一緒に行きたいと言われたのだが池田さんと食べようと思っていたので断ったのだ。

「おかえり、アオ君!」

「ただいま」

「アオ君! 寂しかった!」

「はいはい、ごめんね」

やっぱり、いつも通りの理由だと思ったよ。

「アオ君! んっ!」

そういっていつも通りハグを求めてくる。

「はいはい」

そう言って抱きしめてあげると彼女は微笑むのだった。まったく、可愛いな。

その様子を彼女の両親に間近で見られているのだが、もう慣れたものだ。

「じゃあアオ君、寝る準備してね!」

「分かったよ」

「一緒にお風呂入る?」

「入らない!」

「アオ君のケチ~! 小さい頃はよく一緒に入ってたのに~!」

「それはまだ何も分かってなかったから!」

彼女の怖いところは本気で言っていることである。この子、他でそんなこと言ってないだろうか……心配である。

 ――翌朝いつも通り詩に起こされ学校へと向かう。

登校中、偶然池田さんを見つけ声をかけようか悩んでいた。

すると彼女は僕に気がついたみたいで声をかけてくれた。

「清水副社長! おはよう御座います!」

「おはよう御座います。あの、プライベートでは普通に接してもらえませんか?」

「分かった! じゃあ、蒼君って呼んでも良い?」

「良いですよ」

「私は澪って呼んで!」

「澪さんですね」

「うん! あと蒼君、私も普通に接して欲しいな~」

「普通に接していると思いますが」

「それ! 敬語! タメ口で話そ!」

「うん、分かった」

「うんうん! 良いね!」

 そんなことを話しているともうお別れの時間だ。

澪さんと話していると心が温かくなるそして、時間が直ぐに経ってしまう。

 その時僕は気が付いた。
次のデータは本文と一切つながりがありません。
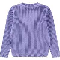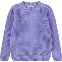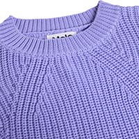 Paarse gebreide trui gemaakt van zachte biologische katoen met een ronde hals. De trui heeft een ruimvallende pasvorm, heeft een ribpatroon met fijne toenamen en afnamen en het heeft extra lengte aan de achterkant en zijsplitten.
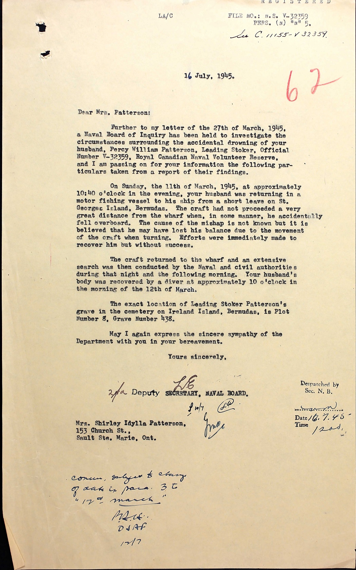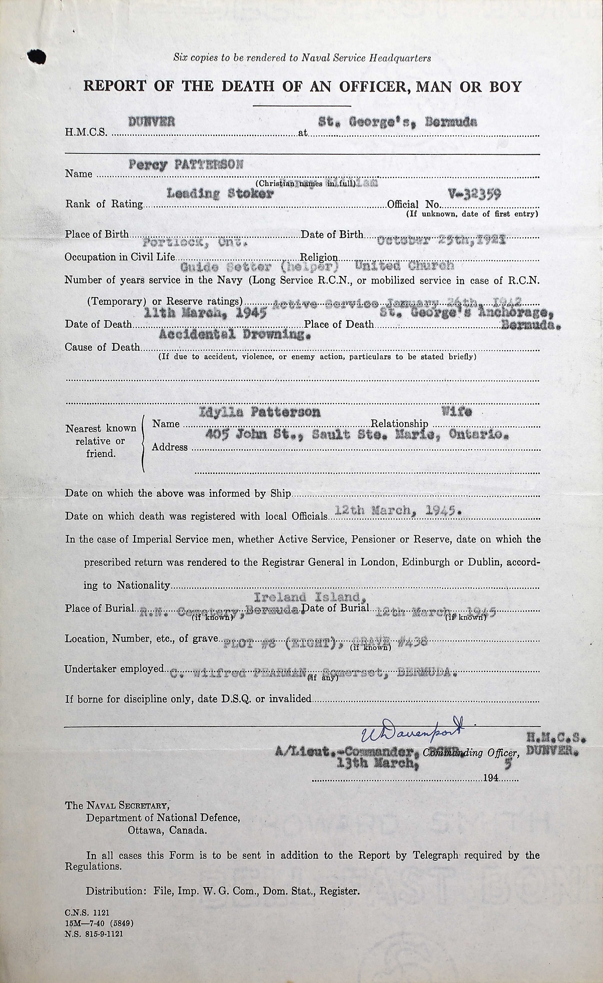 Leading Stoker P. W. Patterson drowned on St. George Island, Bermuda. The drowning occurred as Patterson was leaving in a liberty boat to board his ship HMCS DUNVER. As the boat pulled away from the pier, L/Sto Patterson fell from the vessel. His body was recovered by divers. He is buried in the Royal Naval Cemetery, Bermuda.

彼女のことが好きなのだと。

 ――放課後僕は澪さんが働いている時間に合わせてカフェへと向かった。

今日から彼女に会う為に、彼女が働く時間に出来るだけ通おうと思ったからだ。

  カフェに着くと澪さんが迎えてくれた。

「副社長! お疲れ様です! 今日はどういったご用件ですか?」

君に会いに来た、なんて言えないしな。

「普通にここでゆっくりしようと思って」

「そうなんですね! お一人様でよろしいですか?」

「はい」

「お席の希望は御座いますか?」

「じゃあカウンターでお願いできますか?」

「かしこまりました。それではご案内致します」

 席について早速注文する。

僕は好きな紅茶であるダージリンを頼んだ。

ここのマスターは何を淹れても美味しい。

 少し待っていると澪さんが運んできてくれた。

「お待たせ致しました。ダージリンです」

「有難う御座います」

「ごゆっくりお過ごし下さい。失礼します」

 そう言って彼女は去っていった。

彼女は非常に気遣いが上手く、働き者だ。本当に雇って良かったなと思う。

 ――あまり長居しても迷惑なので一時間ほどで帰った。

 翌日からも同じように通った。その度に彼女に惹かれていく。

しかし、この思いはまだ伝えるべきではない。きっと困惑してしまうだろう。

彼女は今、僕に理解できないほどのショックを感じているはずだ。

しかし、そんな雰囲気を感じ取らせないように振る舞っている。

本当は泣き叫びたいだろう。自殺まで考えていたくらいなのだから。

 この思いはいつ伝えられるのだろうか……その時まで待つとしよう。